**Work to be completed**. Across the data, every line with the word "white" counts once; state the total alone.

**Source material**.
========================
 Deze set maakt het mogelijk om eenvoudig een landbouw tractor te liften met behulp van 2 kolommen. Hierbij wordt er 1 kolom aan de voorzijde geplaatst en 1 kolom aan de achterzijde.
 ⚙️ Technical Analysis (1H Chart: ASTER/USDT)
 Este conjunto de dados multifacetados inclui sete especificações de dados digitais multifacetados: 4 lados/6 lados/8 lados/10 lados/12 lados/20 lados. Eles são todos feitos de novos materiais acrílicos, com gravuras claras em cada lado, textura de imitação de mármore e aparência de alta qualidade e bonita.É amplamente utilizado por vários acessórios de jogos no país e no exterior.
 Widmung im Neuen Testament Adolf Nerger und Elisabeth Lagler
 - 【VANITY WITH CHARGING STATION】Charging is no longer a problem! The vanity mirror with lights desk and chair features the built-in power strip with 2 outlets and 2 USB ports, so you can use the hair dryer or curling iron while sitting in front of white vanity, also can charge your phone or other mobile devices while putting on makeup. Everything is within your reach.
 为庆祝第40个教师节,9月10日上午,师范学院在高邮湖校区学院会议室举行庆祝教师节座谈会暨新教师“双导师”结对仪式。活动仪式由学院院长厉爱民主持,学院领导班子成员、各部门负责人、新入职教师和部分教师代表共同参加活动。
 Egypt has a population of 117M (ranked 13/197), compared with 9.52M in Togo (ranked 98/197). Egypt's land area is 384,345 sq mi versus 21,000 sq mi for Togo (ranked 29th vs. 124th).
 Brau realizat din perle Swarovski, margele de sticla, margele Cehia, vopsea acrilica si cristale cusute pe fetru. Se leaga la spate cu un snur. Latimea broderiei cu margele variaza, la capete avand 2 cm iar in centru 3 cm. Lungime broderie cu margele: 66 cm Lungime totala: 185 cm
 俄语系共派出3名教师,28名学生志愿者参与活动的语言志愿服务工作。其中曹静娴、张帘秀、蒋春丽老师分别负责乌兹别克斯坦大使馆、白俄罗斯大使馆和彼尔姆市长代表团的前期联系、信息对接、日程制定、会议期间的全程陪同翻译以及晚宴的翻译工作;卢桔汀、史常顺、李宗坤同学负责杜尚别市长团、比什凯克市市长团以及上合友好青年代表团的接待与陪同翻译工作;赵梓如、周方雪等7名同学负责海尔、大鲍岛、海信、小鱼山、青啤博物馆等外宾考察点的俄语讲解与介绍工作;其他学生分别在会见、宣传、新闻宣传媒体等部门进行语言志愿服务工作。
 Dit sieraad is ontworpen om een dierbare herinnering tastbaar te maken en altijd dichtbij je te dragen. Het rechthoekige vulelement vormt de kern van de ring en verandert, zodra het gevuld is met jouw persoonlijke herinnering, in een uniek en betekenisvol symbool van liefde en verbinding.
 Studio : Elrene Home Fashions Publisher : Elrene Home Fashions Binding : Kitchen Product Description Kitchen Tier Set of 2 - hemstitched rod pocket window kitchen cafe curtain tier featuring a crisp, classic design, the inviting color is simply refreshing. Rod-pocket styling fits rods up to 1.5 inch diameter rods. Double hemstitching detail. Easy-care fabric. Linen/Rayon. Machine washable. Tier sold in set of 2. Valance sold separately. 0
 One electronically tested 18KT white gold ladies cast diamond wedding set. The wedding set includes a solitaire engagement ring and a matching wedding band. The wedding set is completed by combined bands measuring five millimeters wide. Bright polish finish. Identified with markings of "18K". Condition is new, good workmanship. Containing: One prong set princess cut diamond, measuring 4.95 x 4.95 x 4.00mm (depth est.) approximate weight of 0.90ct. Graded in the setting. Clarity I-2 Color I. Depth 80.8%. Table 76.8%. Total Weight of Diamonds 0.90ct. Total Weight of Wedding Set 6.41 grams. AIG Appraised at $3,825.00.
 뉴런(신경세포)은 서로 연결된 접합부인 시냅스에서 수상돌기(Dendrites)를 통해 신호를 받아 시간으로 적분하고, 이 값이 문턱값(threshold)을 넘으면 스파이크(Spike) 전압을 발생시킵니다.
========================
**Answer to this exercise**. 2